By Shigeki Nozawa
Oct. 15 (Bloomberg) -- The dollar may drop to 50 yen next year and eventually lose its role as the global reserve currency, Sumitomo Mitsui Banking Corp.’s chief strategist said, citing trading patterns and a likely double dip in the U.S. economy.
“The U.S. economy will deteriorate into 2011 as the effects of excess consumption and the financial bubble linger,” said Daisuke Uno at Sumitomo Mitsui, a unit of Japan’s third- biggest bank. “The dollar’s fall won’t stop until there’s a change to the global currency system.”
The dollar last week dropped to the lowest in almost a year against the yen as record U.S. government borrowings and interest rates near zero sapped demand for the U.S. currency. The Dollar Index, which tracks the greenback against the currencies of six major U.S. trading partners, has fallen 15 percent from its peak this year to as low as 75.211 today, the lowest since August 2008.
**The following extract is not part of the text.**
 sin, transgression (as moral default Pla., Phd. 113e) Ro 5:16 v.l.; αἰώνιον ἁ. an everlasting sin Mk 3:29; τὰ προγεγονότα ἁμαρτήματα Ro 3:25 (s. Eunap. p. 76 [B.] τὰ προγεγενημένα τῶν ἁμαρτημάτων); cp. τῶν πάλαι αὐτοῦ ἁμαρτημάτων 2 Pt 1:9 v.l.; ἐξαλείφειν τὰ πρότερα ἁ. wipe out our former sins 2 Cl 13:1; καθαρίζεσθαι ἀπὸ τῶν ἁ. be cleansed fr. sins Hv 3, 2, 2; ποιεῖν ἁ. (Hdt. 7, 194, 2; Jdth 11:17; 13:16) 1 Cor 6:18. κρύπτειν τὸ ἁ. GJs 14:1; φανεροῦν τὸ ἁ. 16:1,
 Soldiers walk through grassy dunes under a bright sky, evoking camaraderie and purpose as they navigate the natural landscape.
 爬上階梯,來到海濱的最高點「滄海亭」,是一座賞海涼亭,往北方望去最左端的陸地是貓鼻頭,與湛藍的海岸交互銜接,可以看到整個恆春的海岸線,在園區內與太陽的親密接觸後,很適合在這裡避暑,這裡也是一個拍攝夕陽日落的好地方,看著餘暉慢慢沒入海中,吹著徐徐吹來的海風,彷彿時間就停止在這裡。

The gauge is about five points away from its record low in March 2008, and the dollar is 2.5 percent away from a 14-year low against the yen.
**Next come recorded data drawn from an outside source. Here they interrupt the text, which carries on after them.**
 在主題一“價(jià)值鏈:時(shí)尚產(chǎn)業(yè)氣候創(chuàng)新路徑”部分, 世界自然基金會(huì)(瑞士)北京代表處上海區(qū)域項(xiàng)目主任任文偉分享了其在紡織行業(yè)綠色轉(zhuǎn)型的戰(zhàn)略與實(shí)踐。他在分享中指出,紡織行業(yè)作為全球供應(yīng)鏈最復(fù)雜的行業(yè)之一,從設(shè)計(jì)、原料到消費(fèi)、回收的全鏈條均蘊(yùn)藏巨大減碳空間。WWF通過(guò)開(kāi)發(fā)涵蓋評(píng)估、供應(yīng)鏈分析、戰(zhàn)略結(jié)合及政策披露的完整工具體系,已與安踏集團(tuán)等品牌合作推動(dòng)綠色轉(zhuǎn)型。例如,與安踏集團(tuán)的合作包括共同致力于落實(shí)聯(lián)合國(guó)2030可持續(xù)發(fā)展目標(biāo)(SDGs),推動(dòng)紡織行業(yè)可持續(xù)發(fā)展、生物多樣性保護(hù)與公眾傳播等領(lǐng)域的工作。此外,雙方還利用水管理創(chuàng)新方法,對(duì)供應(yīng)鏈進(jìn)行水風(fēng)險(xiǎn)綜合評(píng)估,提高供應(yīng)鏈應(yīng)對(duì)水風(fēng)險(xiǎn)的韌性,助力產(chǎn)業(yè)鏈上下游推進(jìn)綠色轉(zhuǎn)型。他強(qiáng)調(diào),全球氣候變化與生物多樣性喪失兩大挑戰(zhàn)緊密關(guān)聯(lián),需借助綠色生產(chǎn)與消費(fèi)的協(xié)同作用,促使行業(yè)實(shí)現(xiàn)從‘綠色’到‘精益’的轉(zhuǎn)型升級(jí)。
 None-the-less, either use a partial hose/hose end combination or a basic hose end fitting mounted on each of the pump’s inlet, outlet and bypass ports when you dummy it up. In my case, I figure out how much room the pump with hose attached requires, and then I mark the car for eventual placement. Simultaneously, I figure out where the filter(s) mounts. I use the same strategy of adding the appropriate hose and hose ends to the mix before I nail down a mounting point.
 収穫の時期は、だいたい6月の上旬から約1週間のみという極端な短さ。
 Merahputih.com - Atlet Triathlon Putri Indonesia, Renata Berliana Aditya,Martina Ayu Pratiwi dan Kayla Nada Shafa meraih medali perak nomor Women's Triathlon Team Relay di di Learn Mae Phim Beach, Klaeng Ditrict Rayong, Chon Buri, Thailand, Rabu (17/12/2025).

“We can no longer stop the big wave of dollar weakness,” said Uno, who correctly predicted the dollar would fall under 100 yen and the Dow Jones Industrial Average would sink below 7,000 after the bankruptcy of Lehman Brothers Holdings Inc. last year. If the U.S. currency breaks through record levels, “there will be no downside limit, and even coordinated intervention won’t work,” he said.
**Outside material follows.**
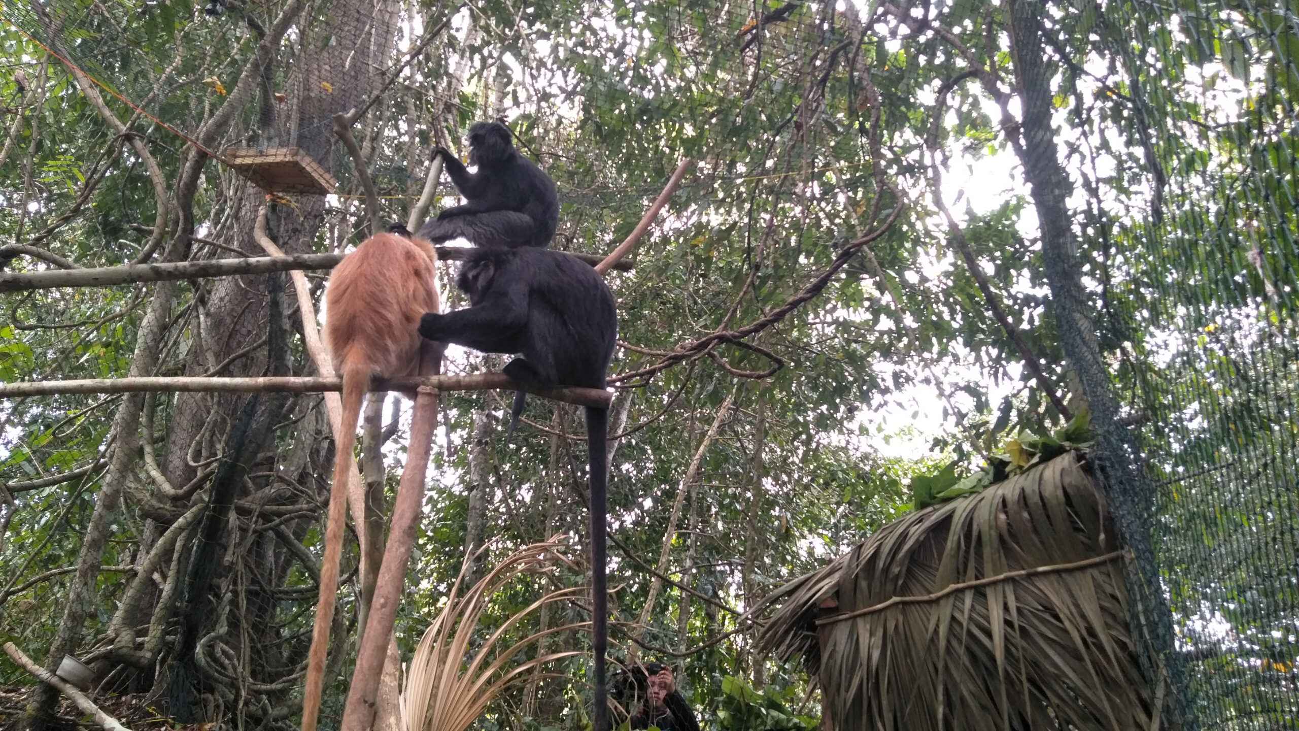 Berbeda dengan Aspen, yang terlihat lama keluar rumah jarring, Celery dan Mingky, langsung merayap, melompat keluar rumah jaring. Kedua lutung langsung bertengger di pepohonan dan melahap dedaunan muda. “Di sini melimpah bahan makanan lutung, dedaunan dan buah,” katanya.

China, India, Brazil and Russia this year called for a replacement to the dollar as the main reserve currency. Hossein Ghazavi, Iran’s deputy central bank chief, said on Sept. 13 the euro has overtaken the dollar as the main currency of Iran’s foreign reserves.
Elliott Wave
The greenback is heading for the trough of a super-cycle that started in August 1971, Uno said, referring to the Elliot Wave theory, which holds that market swings follow a predictable five-stage pattern of three steps forward, two steps back.
The dollar is now at wave five of the 40-year cycle, Uno said. It dropped to 92 yen during wave one that ended in March 1973. The dollar will target 50 yen during the current wave, based on multiplying 92 with 0.764, a number in the Fibonacci sequence, and subtracting from the 123.17 yen level seen in the second quarter of 2007, according to Uno.
The Elliot Wave was developed by accountant Ralph Nelson Elliott during the Great Depression. Wave sizes are often related by a series of numbers known as the Fibonacci sequence, pioneered by 13th century mathematician Leonardo Pisano, who discerned them from proportions found in nature.
Uno said after the dollar loses its reserve currency status, the U.S., Europe and Asia will form separate economic blocs. The International Monetary Fund’s special drawing rights may be used as a temporary measure, and global currency trading will shrink in the long run, he said.